= Döbbelinsches Theater =

Former theater in Germany

The Döbbelinsches Theater or Döbbelin Theater, was a theatre in Berlin, active between 1764 and 1799. It was the first permanent German language theatre in Berlin. It was founded by Karl Schuch and was situated in Behrenstraße, replacing the temporary wooden stages on the Gendarmenmarkt nearby. From 1768 on Karl Theophil Döbbelin served as an interim director and after Schuch died on 3 January 1775, Heinrich Gottfried Koch took over on 10 June the same year. When Koch died in 1775, Döbbelin became the theatre's director on 17 April. Prior to its foundation, Berlin had an opera house (founded in 1742) which only employed Italian artists, and travelling theater troupes often visited the city, but the Döbbelin theater was the first permanent theater for a permanent German language stage company.

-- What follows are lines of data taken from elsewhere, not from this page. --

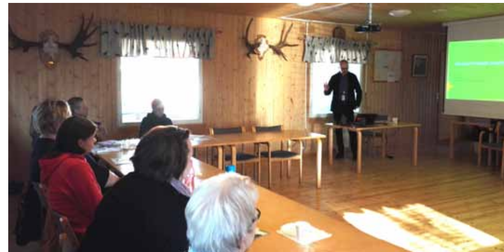
Pöytyän Riihikosken Riistatupa tarjosi hyvät puitteet keväiselle kurssille. Sähkönjakelun ongelmiin perehdyttiin leppoisassa ja vuorovaikutteisessa ilmapiirissä.
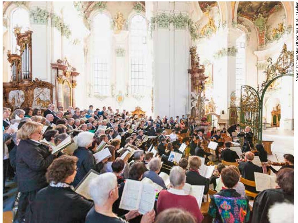
Verein KirchenMusikKongress 2024 St. Gallen

Welche Rolle spielt Musik für die Zukunft der Kirche, und welche Kirchenmusik hat Zukunft? Antworten auf diese Fragen wurden am internationalen Kirchenmusikkongress besprochen, der vom 9. bis 12. Mai in St. Gallen stattfand. Im Rahmen dieser Fachtagung gab es Gottesdienste und mehrere öffentliche Konzerte.
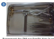
3 Rangement des DM par famille dans le panier : les parties utiles se regardent.
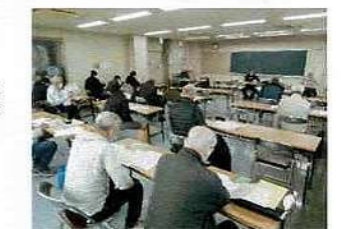
「災害別避難行動説明」
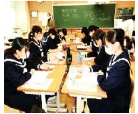
<缶バッチ制作でデザイナーの体験をしよう>
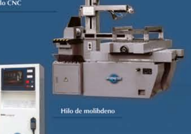
Hilo de molibdeno
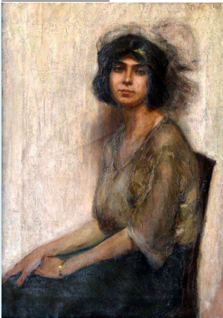
Opera di Mario Polpatelli
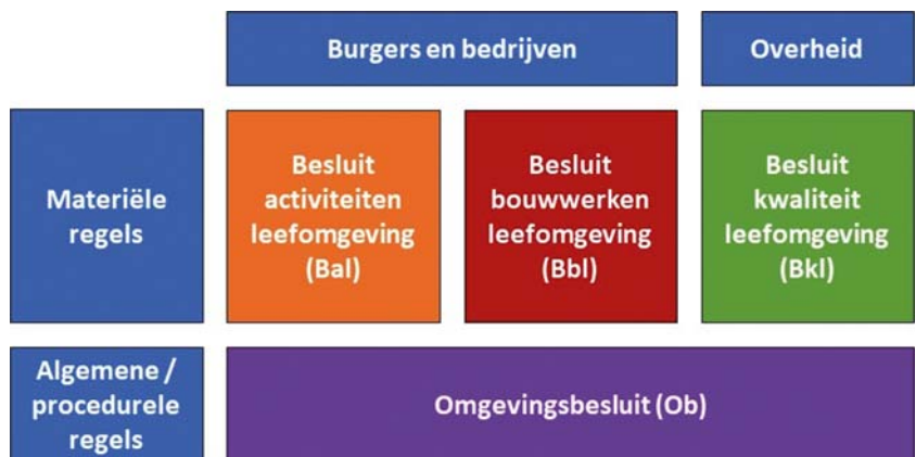
Figuur 1.1: De indeling van de AMvB's

De indeling van de AMvB's naar doelgroepen en type regels is gevisualiseerd in figuur 1.1.
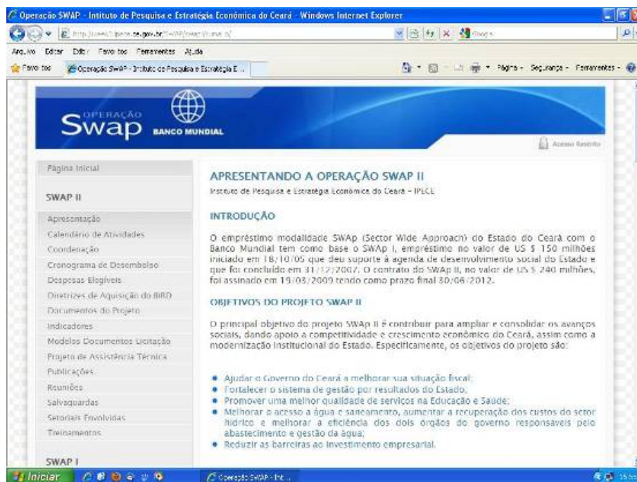
Figura 6 - Operação SWAp II no site do IPECE

Os produtos gerados, então, foram as atas destas reuniões, em formato de relatório que contém a posição dos indicadores primários, secundários, programas elegíveis e projetos de assistência técnica sendo disponibilizadas no site do IPECE 7 , conforme indicado na Figura 6 e o Relatório Anual de Desempenho 2009 que é demonstrado na Figura 7.
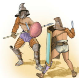
Hoplomaque (à gauche) et mirmillon

Loire aux Pyrénées. Sous les règnes des successeurs d'Auguste, les empereurs Tibère puis Claude, la ville, créée de toutes pièces quelques décennies plus tôt au croisement de la Charente et de deux grandes voies romaines, s'agrandit et s'enrichit de monuments prestigieux comme l'arc de Germanicus, qui marque son entrée est, et l'amphithéâtre, qui borde la cité à l'ouest. C'est sur des terrains proches de celui-ci que les gladiateurs, arrivés en ville quelques jours avant le spectacle, s'entraînent au vu de tous. Les habitants sont donc au courant de toutes leurs particularités le matin du grand jour mais, dans une atmosphère qui doit avoir
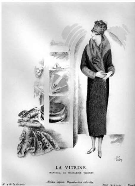
Illustration d'après un modèle créé par Madeleine Vionnet.

Elle essaiera toutes les combinaisons possibles, dérogeant aux règles habituelles du métier. Certains modèles sont réalisés d'une seule pièce. Dans d'autres cas, les patrons forment des figures complexes et il devient difficile d'en identifier les éléments. Vionnet a révolutionné l'usage du biais en l'étendant à l'ensemble du vêtement. Cette pratique permet d'obtenir des « tombés » de tissus incomparables et d'en exploiter l'élasticité pour mouler le corps sans l'entraver. Il est très difficile à maîtriser et nécessite des métrages et des chutes de tissus importants. La maison se faisait d'ailleurs livrer par les « Soyeux » lyonnais des toiles de largeur plus grande que le standard habituel. Le célèbre « dégueulé Vionnet » – ce col révolutionnaire qui dérouta tellement
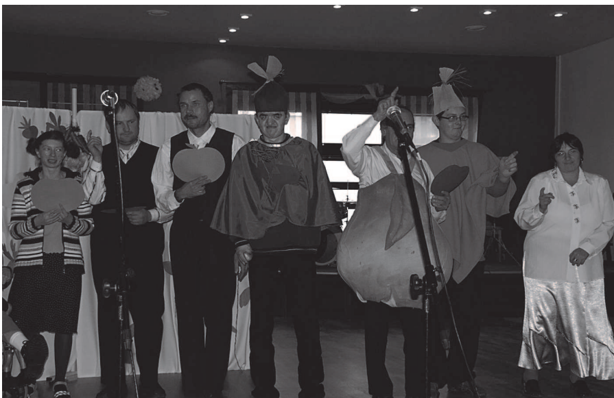
Fot; Wychowankowie ze Środowiskowego Domu Samopomocy w Rakszawie.

P odopieczni Środowiskowego Domu Samopomocy często biorą udział w wernisażach i przeglądach twórczości artystycznej osób niepełnosprawnych.
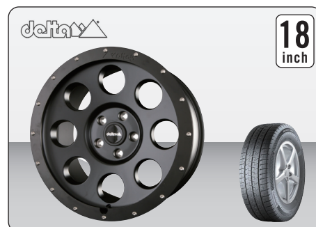
DELTA 4x4 KLASSIK B MATT BLACK (18インチ) ※タイヤ&ホイールセット
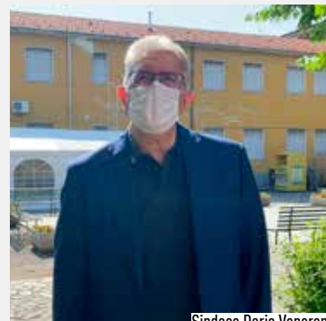
Sindaco Dario Veneroni

F inalmente siamo riusciti ad aprire il nostro centro vaccinale, finanziato e voluto dalla comunità di Vimodrone, grazie al lavoro d'insieme dell'Amministrazione comunale. Devo ringraziare in modo particolare anche la parrocchia e Don Maurizio, il quale ci ha concesso di utilizzare questi spazi.

Among the most notable premieres where Goethe's Götz von Berlichingen in 1774 and Lessing's Nathan the Wise in 1783.

The theatre was dismantled in 1799. In 1892 the Komische Oper Berlin was erected basically at the same location, restarting the theatrical tradition, though mainly concentrating on operettas and musicals while more serious plays were performed in the National-Theater at Gendarmenmarkt from 1802 onwards.